P3 paint is the acrylic line built for Privateer Press miniatures, sold as Formula P3 and organized around the factions and color schemes of Warmachine and Hordes. If you own Cygnar, Khador, Cryx, or any of the other Privateer Press factions, the range gives you named colors that match faction schemes directly, similar to how Citadel names colors after Warhammer factions.
What is in the P3 range
Formula P3 splits into two ranges in the catalog here: the core Formula P3 line of base acrylics, and a separate P3 Metallic line for golds, steels, and bronzes such as Pig Iron and Radiant Platinum. The core line covers the usual jobs a painter needs: deep blacks like Coal Black, off whites like Menoth White, and a wide spread of faction reds, blues, and greens for Khador, Cygnar, and Cryx armies.
Bottle sizes and cap style differ from Citadel and Vallejo, which trips up painters switching brands for the first time. The paint itself handles like a mid-body acrylic: thinner than straight-from-pot Citadel base colors, closer in consistency to Vallejo Model Color once you factor in a drop of water or medium.
How P3 compares to Citadel and Vallejo
P3 does not try to be a full hobby ecosystem the way Citadel or Vallejo does. There is no dedicated contrast-style one-coat line and no technical effects range built into Formula P3 the way Citadel has textures and technical paints. What you get instead is a tight, faction-organized base and metallic lineup that covers Warmachine and Hordes color schemes without needing much mixing.

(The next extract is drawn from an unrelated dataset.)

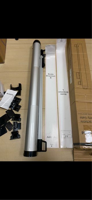 Puerta de seguridad para niños retráctil de la marca Meinkind, nueva. Es de color plateado y se encuentra en su embalaje original. Se adapta a huecos hasta 120 cm - Incluye todos los componentes para su instalación. - Fácil de instalar y usar. - Material resistente y duradero. Barrera seguridad barandilla de seguridad
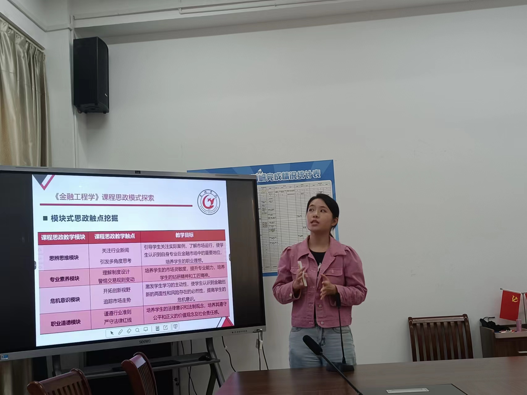 隨后,來自經(jīng)濟與法學(xué)學(xué)院的四名教師分別結(jié)合他們所授課程作了課程思政教學(xué)經(jīng)驗分享。其中,穆瀾老師針對《西方經(jīng)濟學(xué)》課程思政設(shè)計進行了交流,主要圍繞課程思政設(shè)計的原則、設(shè)計的重點與難點、設(shè)計的流程三個方面作了介紹;潘選明老師與大家分享了《國際服務(wù)貿(mào)易》課程思政的教學(xué)經(jīng)驗,重點從課程思政目標設(shè)置、思政元素挖掘、思政案例設(shè)計等方面作了介紹;周建廠老師從律師道德職業(yè)素養(yǎng)角度,結(jié)合具體案例對《法律職業(yè)倫理》課程內(nèi)容與思政元素融入作了介紹;唐蔚老師則作了題為“金融工程學(xué)——課程思政元素探討”匯報,她從模塊式思政觸點挖掘、啟發(fā)式思政教育引導(dǎo)、互動式思政路徑創(chuàng)設(shè)三個方面對金融工程學(xué)課程思政路徑進行了論析。

If you already paint other systems in Citadel or Vallejo and are adding a Privateer Press army, you do not need to replace your existing kit. Cross-brand color matching works the same way it does for any two ranges: look up the closest match by converting P3 to Vallejo or P3 to Citadel and reuse washes, drybrush colors, and metallics you already own rather than buying a second full set.
Where P3 fits for a new painter
For someone starting exclusively in Warmachine or Hordes, a P3 Paints Starter Set(affiliate link) gets you faction-relevant colors without guessing which twenty from a huge Citadel or Vallejo core set you actually need. For someone already invested in another brand, buying single P3 bottles for faction-specific colors and matching everything else with the converter is the more economical route.
Metallics are worth calling out on their own, since Warmachine armies lean heavily on steel, brass, and bronze trim. The P3 Metallic line covers that need directly rather than forcing a workaround with a general-purpose metallic from another brand.
Storage and shelf life
P3 bottles use a standard flip-top dropper cap, similar in behavior to Vallejo, rather than the twist-off pot lid Citadel uses. That makes P3 easier to store upright in a standard dropper-bottle rack rather than needing a pot-shaped slot. Like any acrylic, the paint separates over long storage, so give a bottle a firm shake before use if it has sat unopened for a while, and check consistency on a palette before applying it straight to a model.
Building a Warmachine or Hordes palette from scratch
A practical way to start is to buy the faction-defining colors first, the two or three tones that make an army instantly recognizable at a glance, then fill in secondary colors like metallics, leather, and skin with either more P3 bottles or matches from a brand you already own. This keeps the early cost down while still getting a full faction scheme finished quickly. Painters who already keep a broad Citadel or Vallejo collection often find they only need to add five or six P3-specific bottles to cover an entire faction's signature colors, with the rest of the scheme built from paint already on the shelf.
FAQ
Is P3 the same as Privateer Press paint?
Yes, Formula P3 is the official Privateer Press acrylic paint line, named after the company's in-house rules and hobby division.
Do I need P3 paints to play Warmachine or Hordes?
No. Tabletop games do not require a specific paint brand. P3 simply gives you colors pre-matched to official faction schemes, which saves the guesswork of building those colors from another range.
Can I mix P3 with Citadel or Vallejo on the same model?
Yes, all three are acrylic and mix and layer together without issue once dry. Many painters use P3 base colors with Citadel washes or Vallejo metallics on the same miniature.
Does P3 have contrast-style one-coat paints?
No, the core P3 range is built around traditional base and layer application, not a one-coat contrast system. If you want that workflow, look at a Citadel Contrast or Army Painter Speedpaint alongside your P3 collection.
Where does P3 fall on price compared to Citadel and Vallejo?
P3 sits in the same general bracket as Citadel and Vallejo Model Color, a mid-range acrylic rather than a budget or premium outlier.